Viral dilutions were then prepared. Microtubes containing A/H1N1, A/H3N2, and influenza B viruses, which were processed on different days and plates to avoid cross-contamination, were collected. Then, 450 µL of serum-free DMEM and 50 µL of each virus were added to a microtube. A dilution series was then prepared to a total dilution of 10-8.
The plate was incubated for 1 hour at 37°C in a CO2 incubator to allow viral adsorption to the cells, and 100 µL of serum-free medium was then added to each well. Finally, the plate was sealed with parafilm, wrapped in foil, and incubated at 37°C in a CO2 incubator. Each stage, including extraction, cDNA synthesis, and inoculation, was performed on separate days.

3.2. RNA Extraction and cDNA Synthesis

At 48 hours after viral inoculation of A549 cells, total RNA was extracted from infected cells at 10-4, which yielded the best TCID50 result, and from control cells using the RNJIA extraction kit (RNJIA, ROJE, Iran) according to the manufacturer’s instructions. RNA quantity and purity were assessed using a Nanodrop spectrophotometer. cDNA was synthesized from 1 µg of total RNA using the SMBIO kit (SMBIO, Taiwan). cDNA dilutions of 1:1, 1:10, and 1:100 were prepared, and the 1:1 dilution was selected as the most appropriate based on the cycle threshold values.

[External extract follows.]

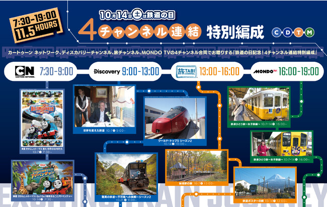 「カートゥーン ネットワーク」「ディスカバリーチャンネル」「旅チャンネル」「MONDO TV」の4チャンネル合同でお贈りする『鉄道の日記念!4チャンネル連結特別編成』は、10月7、14日(土)の2週に渡り、各チャンネルの鉄道番組をリレー形式で連続放送いたします。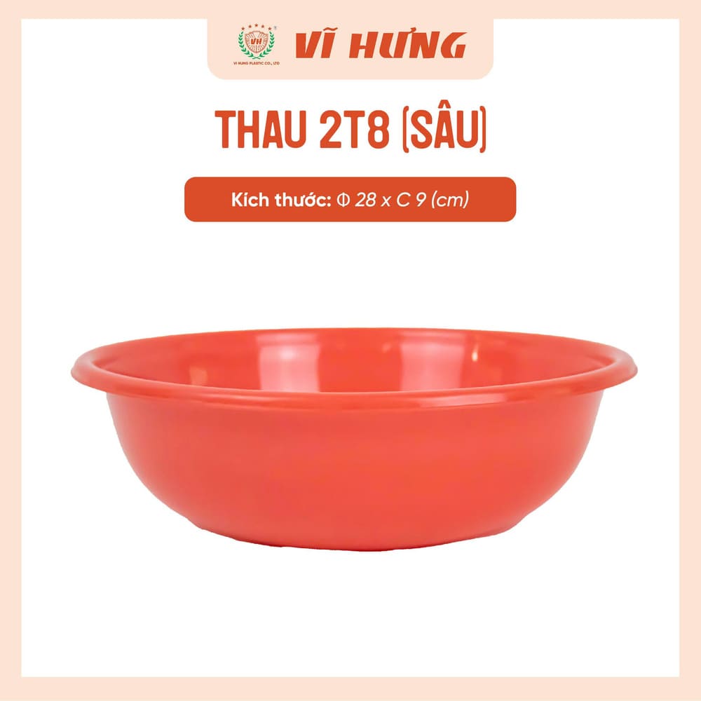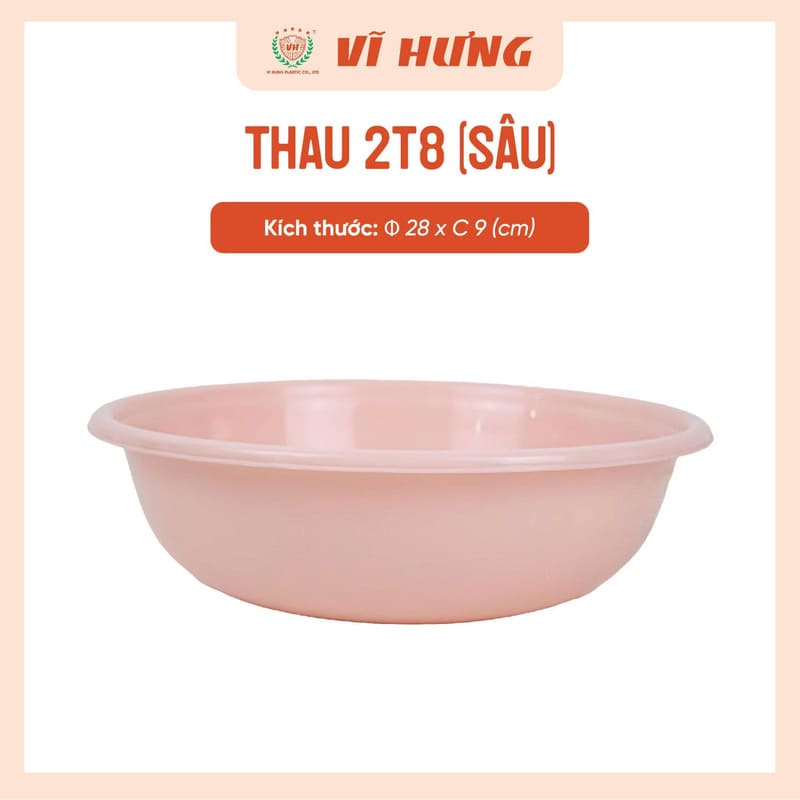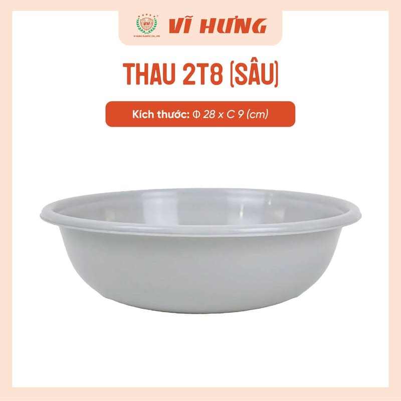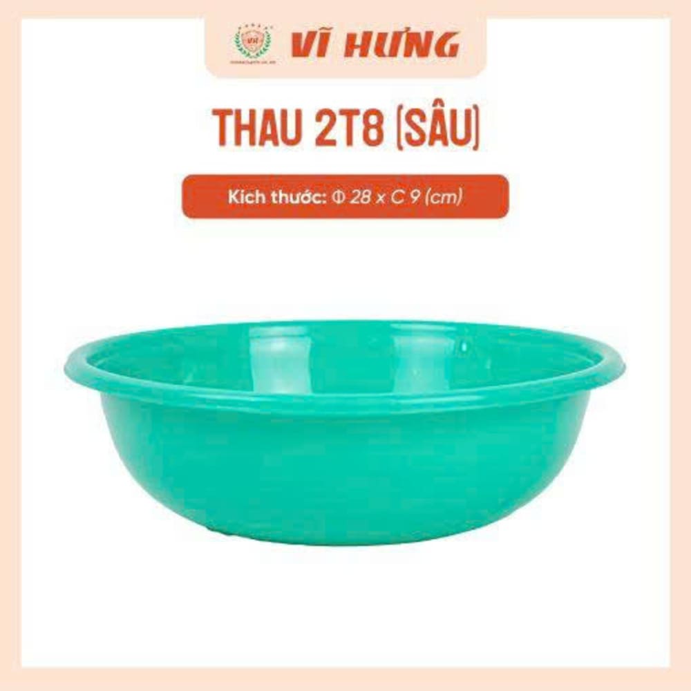 Thau nhựa tròn sâu Vĩ Hưng 2T8 6620 được làm từ nhựa PP cao cấp, thiết kế lòng sâu rộng và thành dày chắc chắn, phù hợp sử dụng trong sinh hoạt hằng ngày như rửa thực phẩm, giặt giũ hoặc đựng đồ. Kiểu dáng bền đẹp, tiện lợi cho gia đình và quán ăn.

3.3. Quantitative Reverse Transcription PCR

The mRNA expression levels of Bcl-2, BAK1, and BAX were assessed using SYBR Green Master Mix (Yekta Tajhiz Azma, Iran) on a Corbett real-time PCR system. β-Actin was selected as the housekeeping gene. Relative expression was calculated using the 2(-ΔΔCt) method. Primer sequences are shown in Table 1.
Table 1.Primer Sequences, Amplicon Sizes, and Full Gene Names for Quantitative PCR Analysis a
NamesForwardReverseAmplicon Size
β-ActinCCACCATGTACCCTGGCATTCGGACTCGTCATACTCCTGC189
BAXCTGACGGCAACTTCAACTGGTGATCAGTTCCGGCACCTTG99
BAK1ACCAGCCTGTTTGAGAGTGGGTAGCCGAAGCCCAGAAGAG63
Bcl-2CTTTGAGTTCGGTGGGGTCACATCCACAGGGCGATGTTGT82

a Abbreviations: BAX, BAX associated X, apoptosis regulator; BAK1, BCL2 antagonist/killer 1; Bcl-2, B-cell lymphoma 2. β-Actin served as the housekeeping mRNA.

3.4. Statistical Analysis

For all analyses, log fold change was used. To assess differential gene expression after exposure to different viruses at each time point, the Wilcoxon signed-rank test was used as a nonparametric method to evaluate significance against zero, representing the control. In addition, for further insight and comparison, the one-sample t-test was performed. To compare gene expression changes over time within each virus group, the nonparametric Kruskal-Wallis test and parametric one-way analysis of variance were used. When significant differences were detected, pairwise post-hoc comparisons were conducted. The pairwise Wilcoxon test was used as the post-hoc test after the Kruskal-Wallis test, and the pairwise t-test was used after analysis of variance. To control type I error in multiple comparisons, the Benjamini-Hochberg correction method was applied.

4. Results

4.1. mRNA Expression of Bcl-2

At 48 hours, Bcl-2 expression was reduced in influenza B-infected cells, with a mean difference of -0.702 ± 0.050 (95% CI, -1.149 to -0.255). Stronger downregulation was detected in A/H3N2 infection, with a mean difference of -4.023 ± 0.017 (95% CI, -4.172 to -3.874). Although A/H1N1 infection also showed decreased Bcl-2 expression (-6.015 ± 2.474), the wide confidence interval (-28.243 to 16.214) indicates considerable variability and limited statistical certainty (Figure 2).
At 48 hours post-infection, Bcl-2 mRNA expression was significantly downregulated in all virus-infected groups compared with control, with the greatest reduction observed in A/H1N1, followed by A/H3N2 and influenza B.
Figure 2.

At 48 hours post-infection, Bcl-2 mRNA expression was significantly downregulated in all virus-infected groups compared with control, with the greatest reduction observed in A/H1N1, followed by A/H3N2 and influenza B.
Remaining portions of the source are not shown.